Drei asiatischen Staaten mit völlig verschiedenen politischen Systemen ist es innerhalb weniger Jahre gelungen, zu ernst zu nehmenden ‚Playern‘ in der Wissenschaft zu werden.

  • Der kleine Tigerstaat Singapur mit einer ‚Einparteiendemokratie‘ besitzt heute mit der ‚National University of Singapur‘ eine Universität, welche in den internationalen Rankings vor den besten Universitäten Österreichs rangiert und hat es geschafft, mit einer ‚aggressiven‘ Investitions- und Rekrutierungspolitik zu einem weltweiten Spitzenplatz in der Biotechnologie zu werden.
  • Die kommunistische Diktatur der Volksrepublik China übt mit einer strikten Exzellenzstrategie erfolgreich Druck auf die eigenen Wissenschaftler aus, indem unter anderem Anreize und Anerkennungen für den wissenschaftlichen Erfolg gegeben werden. Trotz eines weit geringeren Entlohnungsniveaus gelingt die Rückholung von Chinesen vor allem aus den USA, welche mit dem mitgebrachten ‚Know-How‘ die Basis für den spektakulären Aufstieg der chinesischen Wissenschaft gelegt haben.
  • Einen ebenso kometenhaften Aufstieg in der Wissenschaft verzeichnet die Demokratie Indien: Der Subkontinent hat ohne strikte zentralistische Direktiven zuerst auf Informationstechnologie, insbesondere Dienstleistung in Form von beauftragter ‚Software‘-Entwicklung, gesetzt und dann, als die IT-Branche zu stagnieren begann, sich dem Biotechnologiesektor zugewendet. Für Indien typisch ist die große Zahl an neu entstandenen Privatunternehmen, die sich hervorragend entwickeln und eine gute wirtschaftliche Prognose haben.

Weitere Beispiele aufzuzählen, fiele nicht schwierig, es sei hier nur festgehalten, dass Exzellenzstrategien zum Erfolg führen, wenn sie ernsthaft verfolgt werden, und dies unabhängig von der Größe und dem politischen Regime eines Staates.
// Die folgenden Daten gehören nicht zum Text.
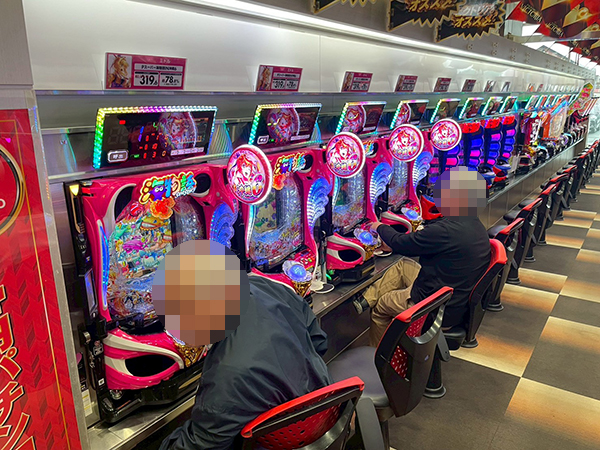 13時ごろの1000円/232玉パチンコをチェックすると「e牙狼12黄金騎士極限」や「Pスーパー海物語IN沖縄6」が盛況の様子。プレイヤーたちの満足気な表情が印象に残っている。
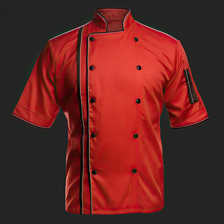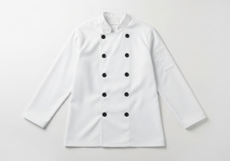A crisp white chef's jacket with a double-breasted front and black buttons, laid flat against a white background.

(Der Artikel ist der zweite Teil der ausführlichen Fassung eines Referates, das im vergangenen Jahr anläßlich des von der Österreichischen Akademie der Wissenschaften veranstalteten Symposiums „Wa(h)re Forschung“ gehalten wurde. Dieses Symposium hatte den sich eben in allen Bereichen der Wissenschaft vollziehenden Paradigmenwechsel zum Thema: „Weg von der erkenntnisorientierten Grundlagenforschung und hin zur Anwendungsorientierung“ und ist eben in Buchform erschienen: „Wa(h)re Forschung – Change of Paradigms?“ Präsidium ÖAW Hsg, Friedrich VDV, 4020 Linz; 2011)

Literatur:

[1] Ralph J. Cicerone. 2010. Growing trust in science. Address of the President at the 147th Annual Meeting of the National Academy of Sciences USA. Washington. D.C.

[2] Peter Schuster. 2009. Welche Voraussetzungen benötigt Spitzenforschung und woran kann man ihre Ergebnissemessen? Österreichische Akademie der Wissenschaften, Almanach 2008, 158. Jahrgang. Verlag der Österreichischen Akademie der Wissenschaften, Wien, pp.333-344.

[3] J. Rogers Hollingsworth. 2004. Institutionalizing Excellence in Biomedical Research. The Case of the RockefellerUniversity. In: D. H. Stapelton (Ed.). Creating a Tradition of Biomedical Research. Contributions to the History of the Rockefeller University. The Rockefeller University Press, pp.17-63, New York

 

Über den Autor:

Emer. Univ. Prof. Dr. Peter Schuster, Jg. 1941, hat an der Universität Wien Chemie und Physik studiert, war langjähriger Ordinarius für Theoretische Chemie und Leiter des Computerzentrums in Wien, Gründungsdirektor des Instituts für Molekulare Biotechnologie in Jena, Vizepräsident und Präsident der ÖAW, Mitglied höchstrangiger Akademien. Forschungsschwerpunkte: Theorie der: chemischen Bindung, Dynamik, molekularen Evolution, Struktur/Funktion von RNA und Proteinen, Netzwerke.